*WHAT THE EXERCISE ASKS*
In the listing below, the lines starting at the line with "マスの数をかぞえたり、タブレ" and ending at the line with "Budapest leghíresebb terét" are to be output verbatim. Images stay out of the copy.

*SOURCE MATERIAL*

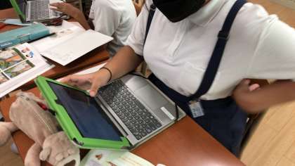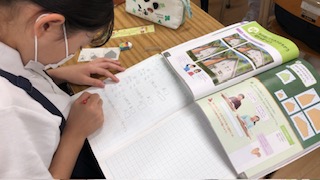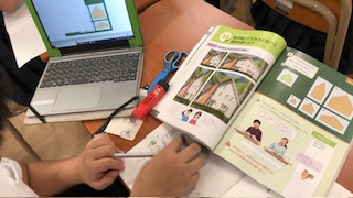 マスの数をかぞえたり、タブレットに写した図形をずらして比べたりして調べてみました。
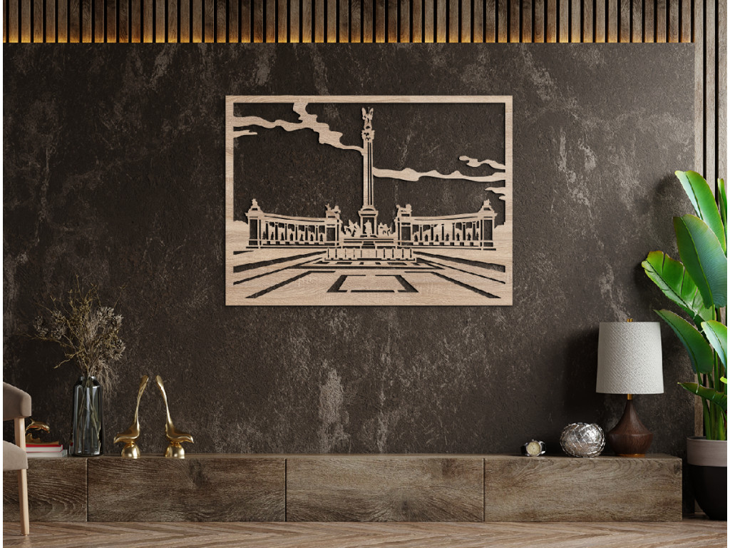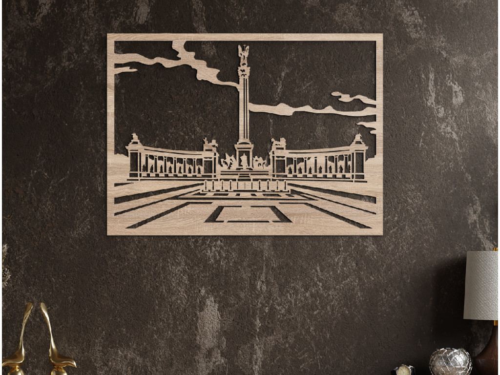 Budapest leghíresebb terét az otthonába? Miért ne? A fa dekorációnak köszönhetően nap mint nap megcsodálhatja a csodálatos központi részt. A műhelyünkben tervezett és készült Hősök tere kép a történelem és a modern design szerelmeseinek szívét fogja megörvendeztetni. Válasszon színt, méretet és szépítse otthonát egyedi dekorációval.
...
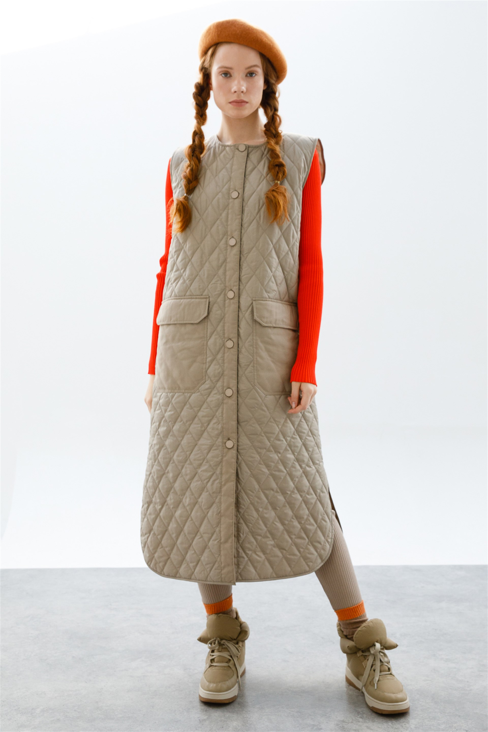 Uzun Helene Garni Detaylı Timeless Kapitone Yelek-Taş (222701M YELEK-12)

*YOUR RESPONSE*
 マスの数をかぞえたり、タブレットに写した図形をずらして比べたりして調べてみました。
 Budapest leghíresebb terét az otthonába? Miért ne? A fa dekorációnak köszönhetően nap mint nap megcsodálhatja a csodálatos központi részt. A műhelyünkben tervezett és készült Hősök tere kép a történelem és a modern design szerelmeseinek szívét fogja megörvendeztetni. Válasszon színt, méretet és szépítse otthonát egyedi dekorációval.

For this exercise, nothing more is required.